Book Read Free

Rome Noir

Page 14

by Chiara Stangalino


  Curreli sat down: I was wondering if you could help me. See, my daughter won’t talk to me, she wants to put a diamond stud in her nose … Well … you seem knowledgeable about these things.

  Deborah thrust her head back until you could hear the bones of her neck snap.

  —How can we help you kids if you won’t speak to us, huh? What, exactly, have we done to deserve so much hatred? What? Curreli implored with feeling. The face of his daughter Manuela had suddenly superimposed itself on that of Deborah seated before him.

  The girl looked at him with a mix of astonishment and affection. Dr. Vanni and Marchini could not believe their eyes when she reached out a hand to caress Curreli’s stubbly cheek.

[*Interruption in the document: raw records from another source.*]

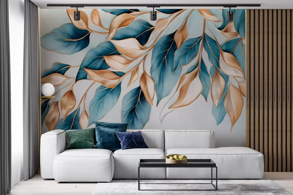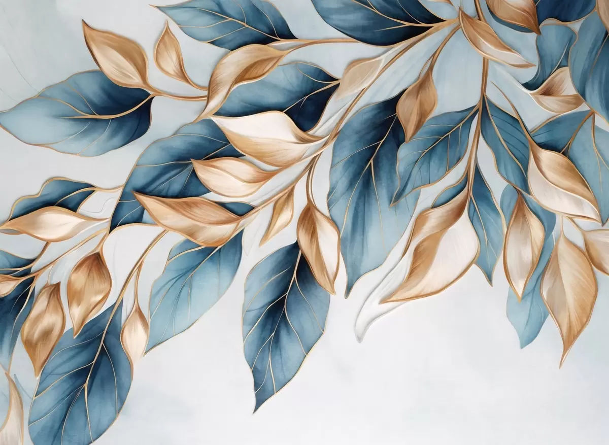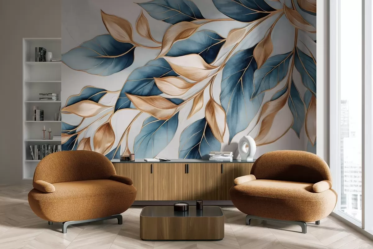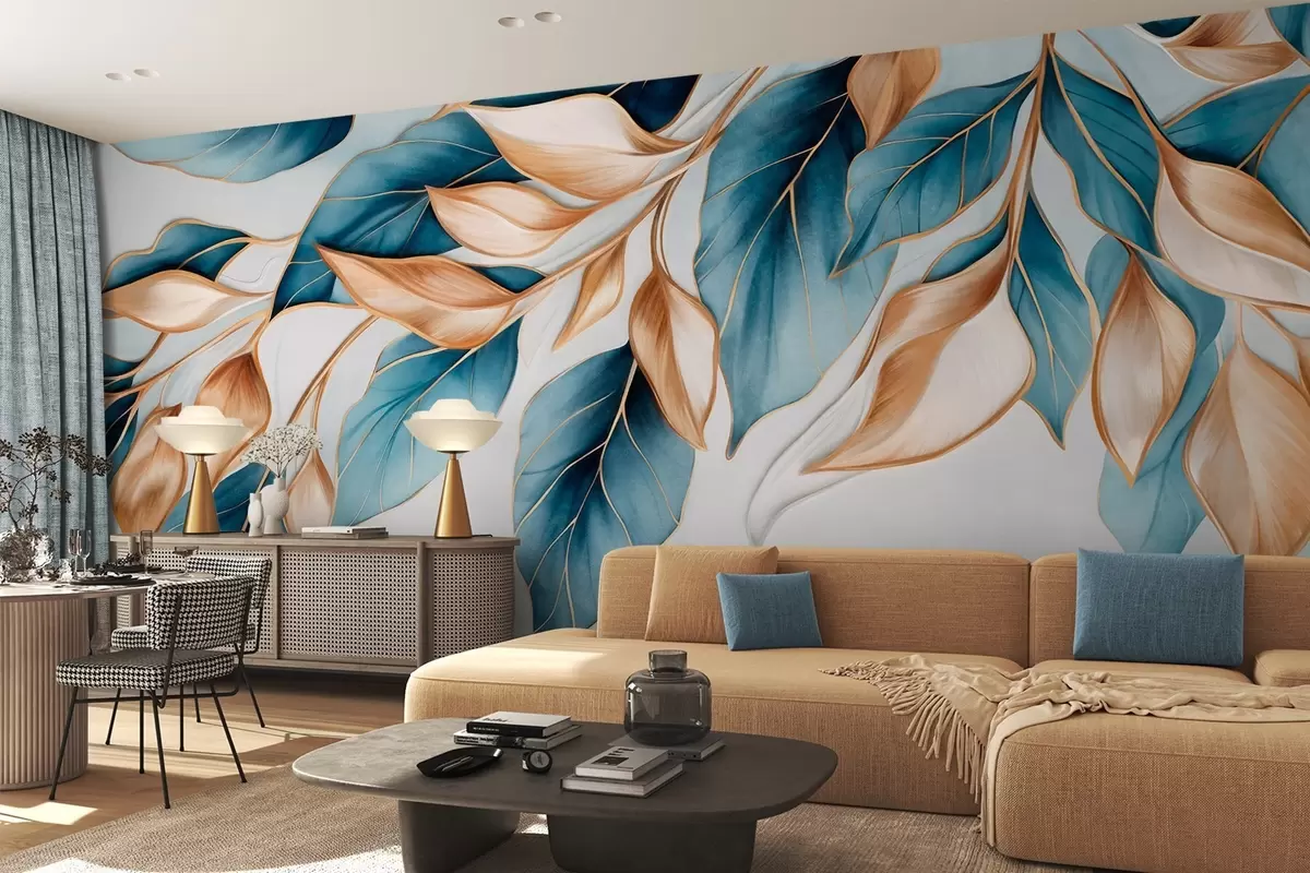 Фототапет Текстурирани сини и оранжеви листа, светлосин фон, елегантен и артистичен дизайн, модерен стил Nr w09429
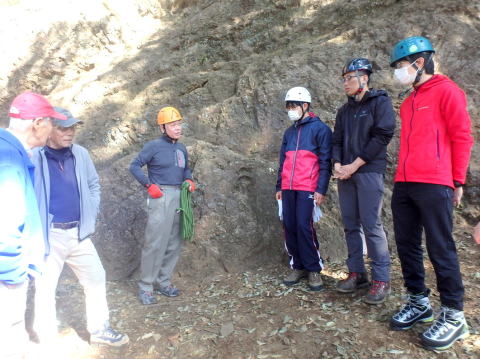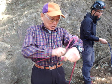 | 滑落停止の手本を新井OBが示します | 現役が従います |
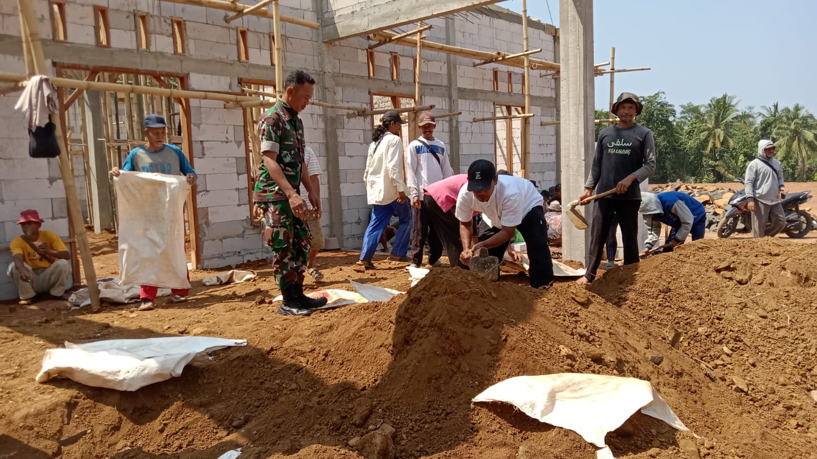 Babinsa Koramil 0114/Cigeulis Kodim 0601/Pandeglang, Serda Yudi melaksanakan kegiatan Kerja bakti gotong royong Pembangunanan Gedung MUI Kecamatan Cigelis bersama masyarakat, Rabu (23/08/23)
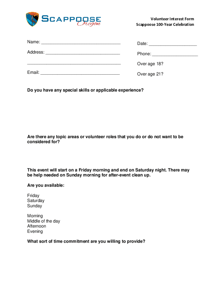 The volunteer interest form in Scappoose may require information such as name, contact details, availability, skills, and interests.
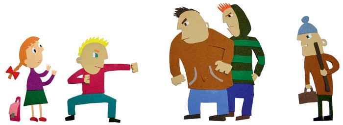В подростковом периоде у ребят с этим все гораздо сложнее, чем в детстве. Пара лет разницы в возрасте делает противника недосягаемым для симметричного ответа. Тут все влияет — и физическое развитие (между 16 и 14 годами — целая пропасть), и статусный момент — «старшие» неприкосновенны. Но, пожалуй, тяжелей всего переживается какой-то иррациональный животный страх, который обалдуи-старшеклассники умеют внушать ребятам всего-то на пару-тройку лет младше их самих. У нас в школе сложилась разновозрастная гоп-компания, находившая для себя радость в унижении тех, кто в нее не входил. Причем речь не шла об избиениях. Это была сложная многоступенчатая система морального подавления, состоявшая из подзатыльников, оплеух, пинков под зад, оскорблений, публичных «наездов» и множества других мелких пакостей, делавших жизнь невыносимой. Вот у этой шайки и попали под раздачу мои сыновья в самом непростом своем возрасте.
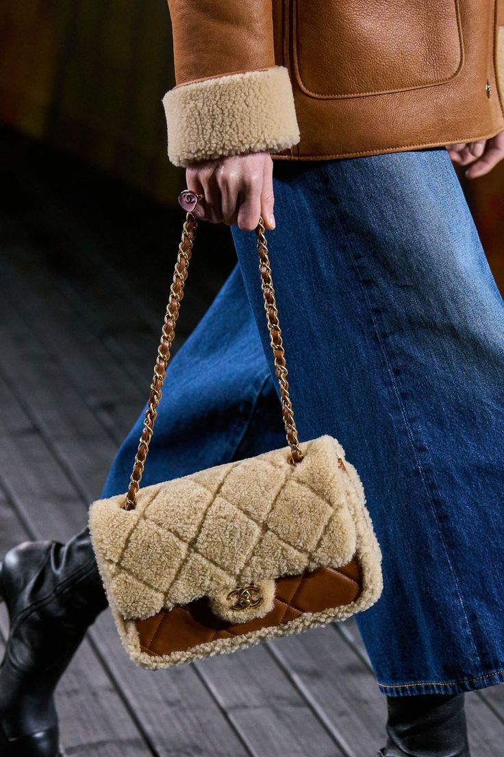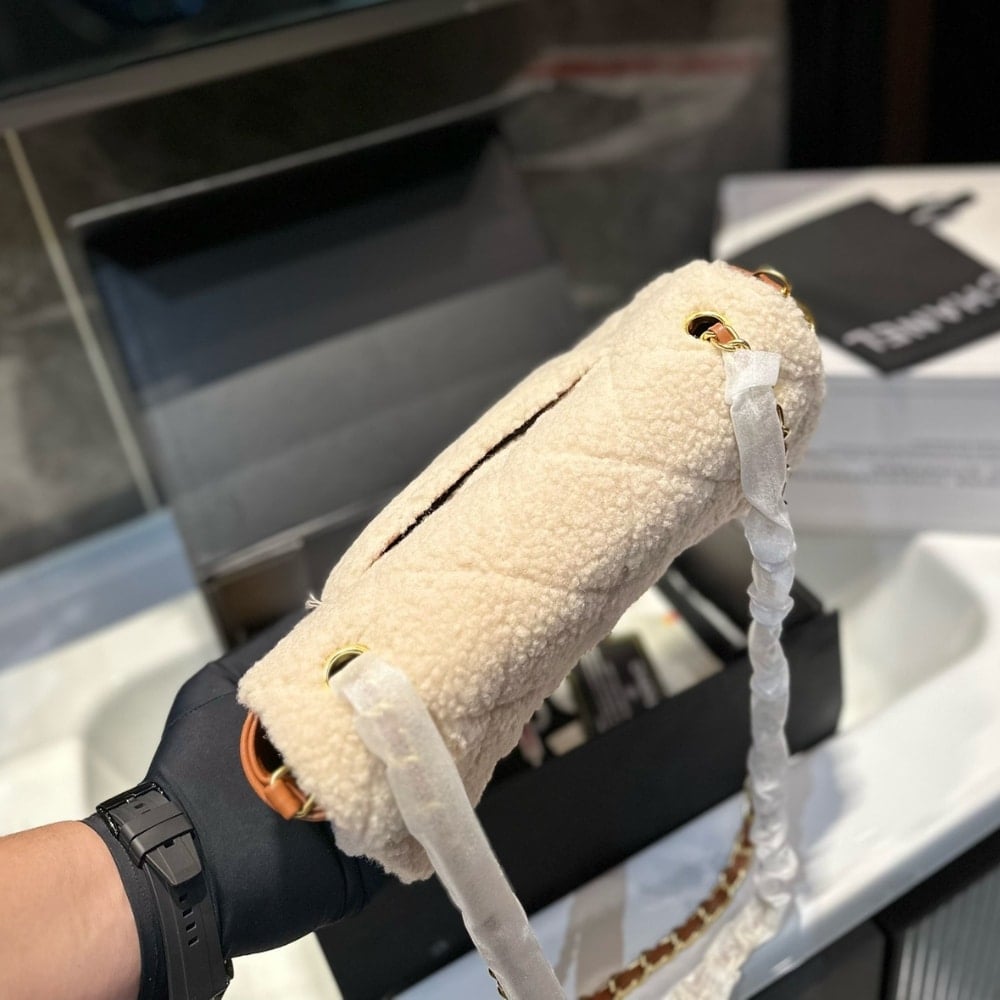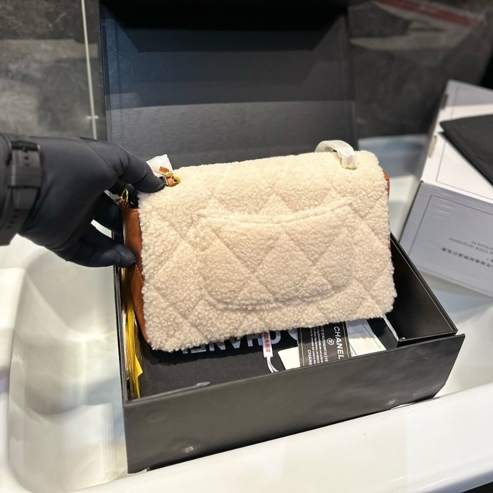 Chanel Flap Bag Shearling Beige And Brown 23Cm
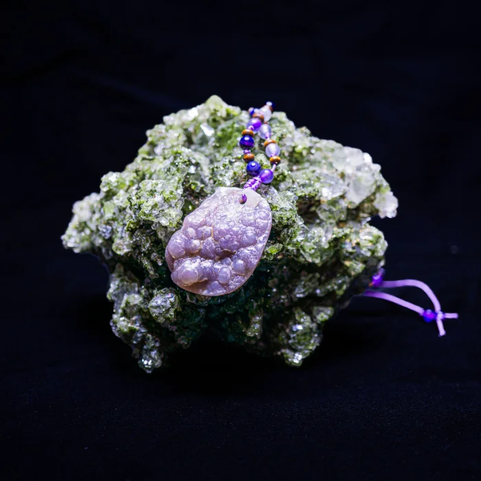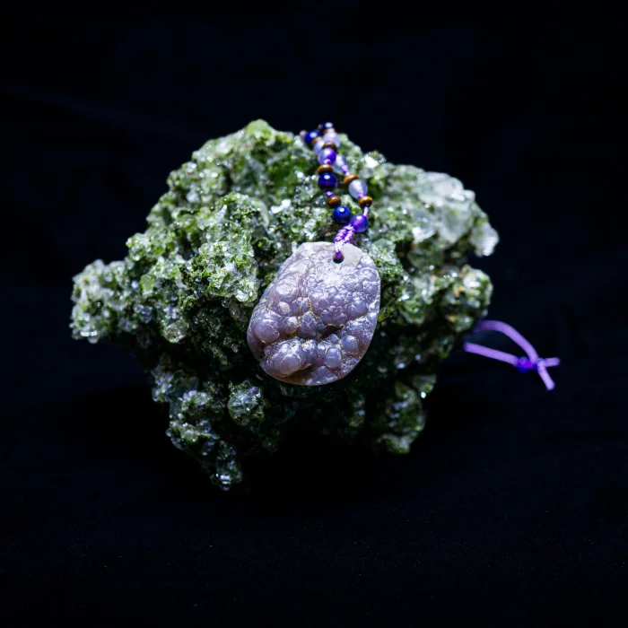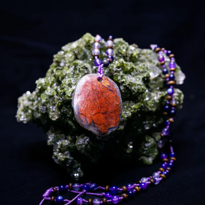 In this design, a form that we refer to as a kidney in nature welcomes us. Although the bubbly form of agate, that is, agate, is rarer, it offers us a wonderful natural appearance. Behind it, it fascinates our eyes with its red brown view. Amethyst stones were used around it. Agate stone acts as a protective shield.
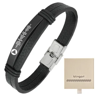 Bransoletka z grawerem skórzana męska czarna Muzyka, która budzi emocje – Grawerowany kod prowadzący do ulubionej piosenki natychmiast przeniesie Was do najpiękniejszych wspomnień, wywołując wzruszenie i uśmiech. Unikalny symbol Waszej więzi – Bransoletka z indywidualnym utworem to nie tylko biżuteria, ale też subtelny sposób na wyrażenie uczuć, które pozostaną na zawsze. Styl i elegancja na co dzień – Wysokiej jakości skóra naturalna i stal chirurgiczna 316L sprawiają, że bransoletka pasuje do każdej stylizacji i podkreśla wyjątkowy charakter. Trwałość i niezawodność – Anodowana blaszka i precyzyjne wykonanie gwarantują, że bransoletka zachowa swój elegancki wygląd przez długie lata, przypominając o ważnych chwilach. Prezent, który mówi więcej niż słowa – Idealny na rocznicę, Walentynki, urodziny czy spontaniczny gest miłości – podaruj bliskiej osobie coś naprawdę wyjątkowego.
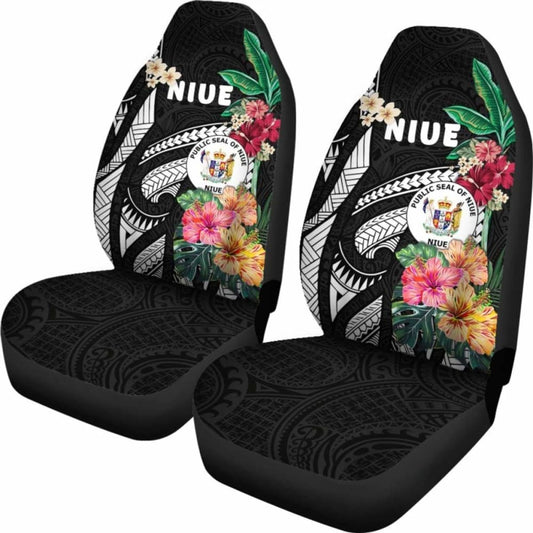 Niue Car Seat Covers Coat Of Arms Polynesian With Hibiscus
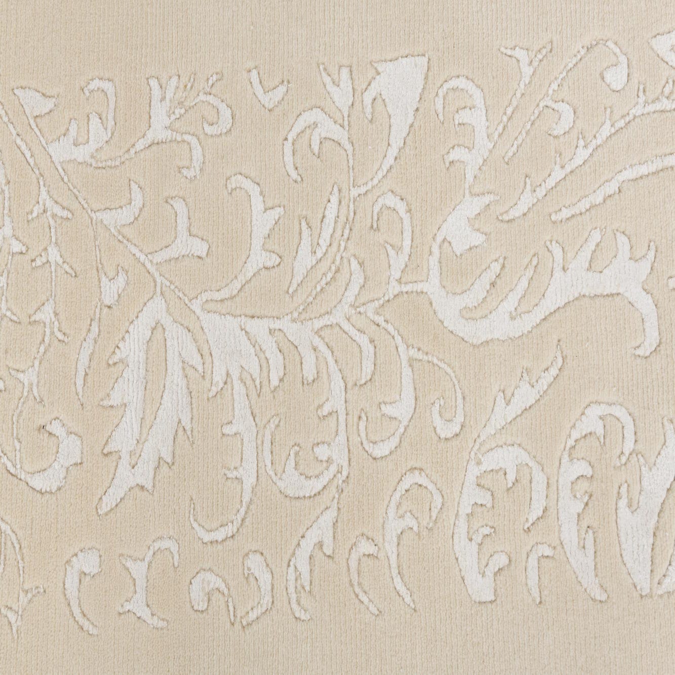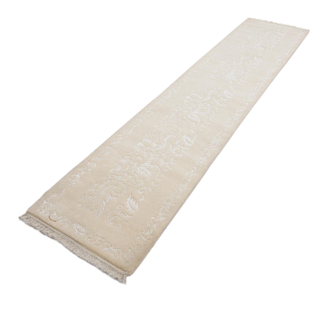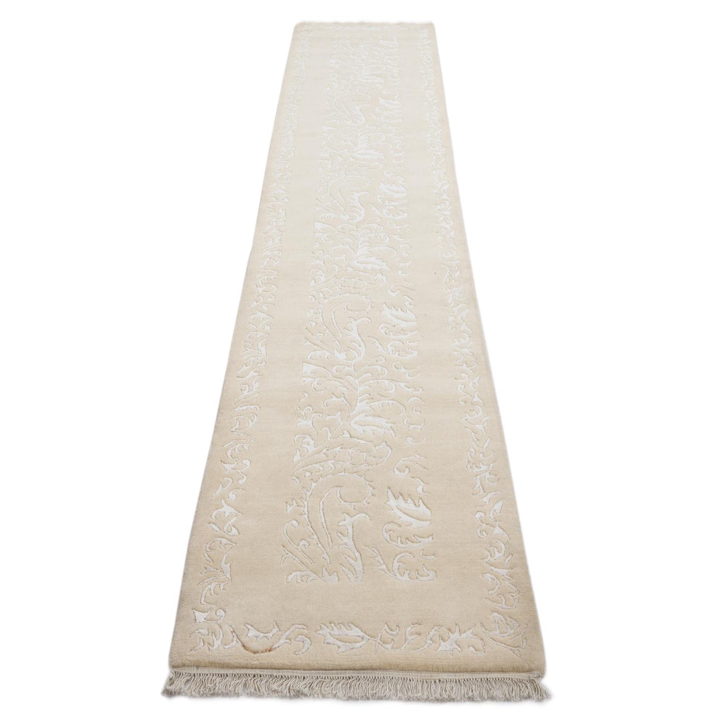 The Darya collection 13 Ft Runner is a hand-knotted rug crafted from 100% wool, known for its durability and natural texture. This rug features a White Ivory background with a subtle raised Ivory pattern, presenting a sophisticated tonal design. The pattern consists of elegant scrolling motifs, reminiscent of classic architectural details, which brings a sense of traditional charm.
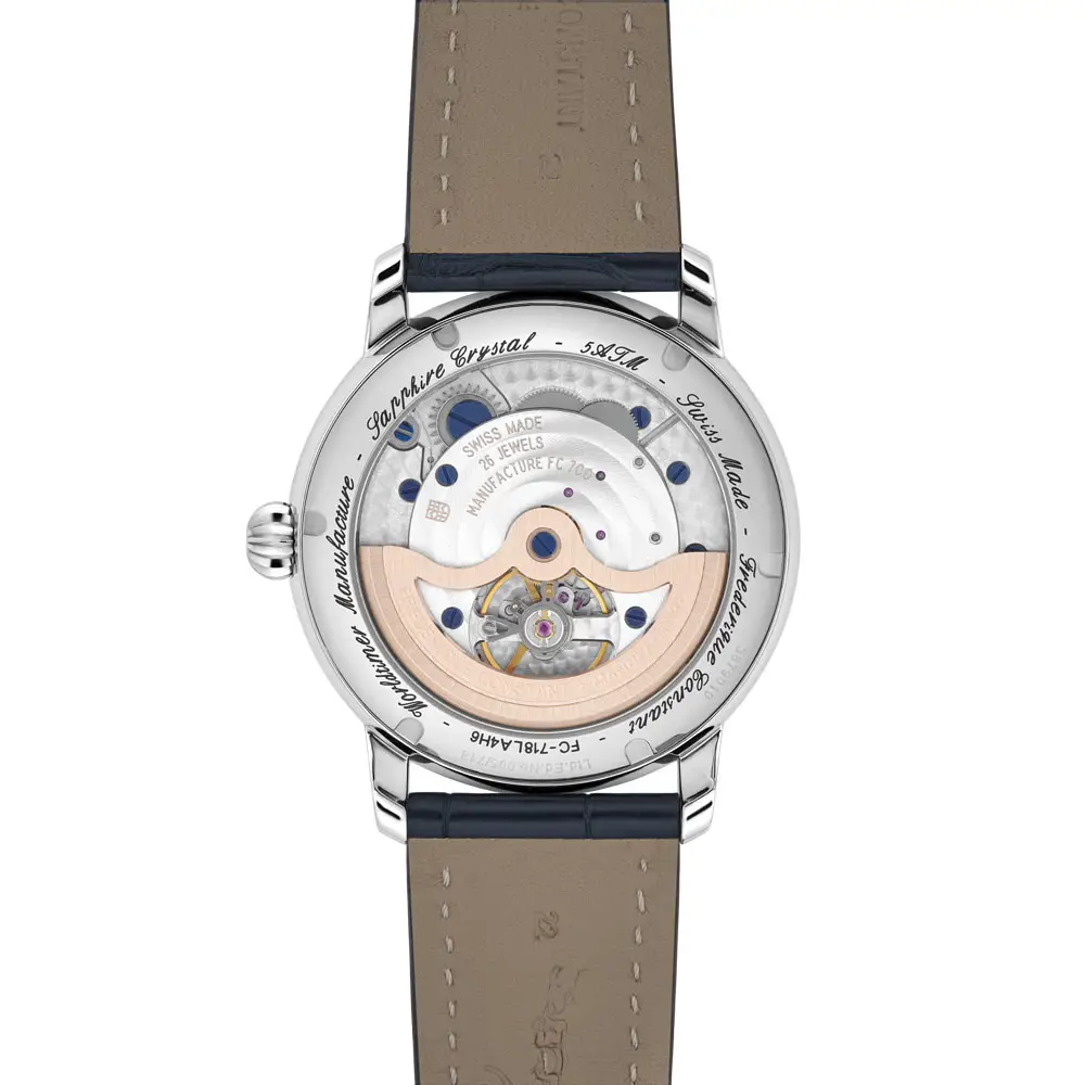 腕表搭载自制自动机芯 FC-718,动力储存约38小时,所有功能均可通过单一表冠调节。42毫米精钢表壳、带防反射涂层的蓝宝石玻璃以及鳄鱼皮表带配折叠表扣共同呈现出精致且奢华的风格,适合旅行及正式场合佩戴。

  Then something extraordinarily clear appears in your eyes. What did you do? you ask. Just like that. As if you had realized that, in the tedious course of things, it is nevertheless impossible to get away with a slaughtered body scot-free. And I know what’s left. What’s left is to end it. Get dressed and go, I say. And you? you ask. Me, I’ll manage, I say. I’ll manage. I stand waiting to hear the door close behind you as you leave. I glance around me, looking for … looking for a plausible finale … and it all seems clear to me …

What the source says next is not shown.